Ich habe eben mal recherchiert, woher der Begriff „Narrativ“ überhaupt stammt: Aus der Soziologie, eingeführt von Jean-François Lyotard. Französische Philosophen, von denen hatte man mindestens eine Merve-Bändchen im Regal stehen, ohne es aber gelesen oder gar verstände zu haben. Ich erinnere mich: Postmoderne, Strukturalismus, Dekonstruktion, das waren 3 der Haubitzen des Popdiskurses der 80er und 90er. Offenbar ist man seitdem aber auch nicht viel weiter gekommen. Btw. könnte ich kaum einen dieser Begriffe erklären. ;-)

@wahr

friedrichMir kommt es inzwischen aber etwas affektiert vor, wenn bei einem Review einleitend wie in einem Hochschulseminar über die Rezeption und die Bedeutungszusammenhänge von Popmusik philosophiert wird um dann auf das eigentlich Selbstverständliche zurückzufallen – nämlich dass es darum bei einem DJ-Mix eben gerade nicht geht, sondern um das unmittelbare sinnliche Erleben. Genau das macht ja die Ravekultur aus. Party!

Dass ein DJ-Set auch mehr sein kann als nur ‚Party!‘ ist aber durchaus ein Anspruch gewesen, den einige Verantwortliche in der Redaktion schon in der Anfangszeit des Mags ganz praktisch umgesetzt haben. Z.B. Dirk Scheuring. Es gab Soul-Allnighter, die sich einzelne Themen innerhalb der Soulmusik herausgriffen und sie dann in ihrem Kontext präsentiert haben. Also nicht einfach nur Soulmusik beliebig nach Partygesichtspunkten zusammengestellt, sondern generell den Club als politischen, lehrreichen und gleichzeitig berauschten Ort zu gestalten versucht haben. Das hatte schon einen erzieherischen Aspekt.

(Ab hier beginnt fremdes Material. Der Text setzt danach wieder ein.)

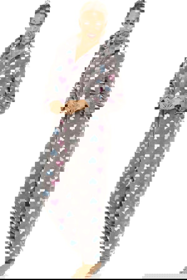 • Keep Cosy In This Stylish Super Soft Fleece Multi Coloured Heart Print Grey Onesie

Musik weiter zu fassen als die Töne selbst, ist ein Schwerpunkt der Spex gewesen. Es kommt eben nie nur einfach auf die Musik an, selbst beim Tanzen nicht. Auf Zusammenhänge zu bestehen, sich daran auch zu reiben, Kontexte zu beschreiben – manchmal auch sie zu konstruieren um zu schauen was passiert – hat die Spex ausgezeichnet. Es geht nie nur um Musik. Nie. Das habe ich durch die Spex begriffen.

Ja, stimmt alles. Genau das habe ich selbst durch die SPEX ja auch gelernt, wie ich oben schrieb.

Ich bin unentschieden, wie ich diesen SPEX-Jargon und dieses fast schon zwanghafte Zerren der behandelten Materie auf die Metaebene bewerten soll. Kurioserweise taucht ausgerechnet das Wort „Metaebene“ im (zu langen und zu komplizierten!) Review des Albums der Ausgabe auf. Da hatte ich sowas wie ein Deja Vu: Genau das kenne ich von der SPEX schon aus den 80er/90ern. Einerseits stimme ich dem ja zu und finde es gut, andererseits muss ich seufzen wenn ich dieses rituelle Jonglieren mit solchen Begriffen lese.

Übrigens: Mein Neffe studiert Soziologie. Finde ich gut!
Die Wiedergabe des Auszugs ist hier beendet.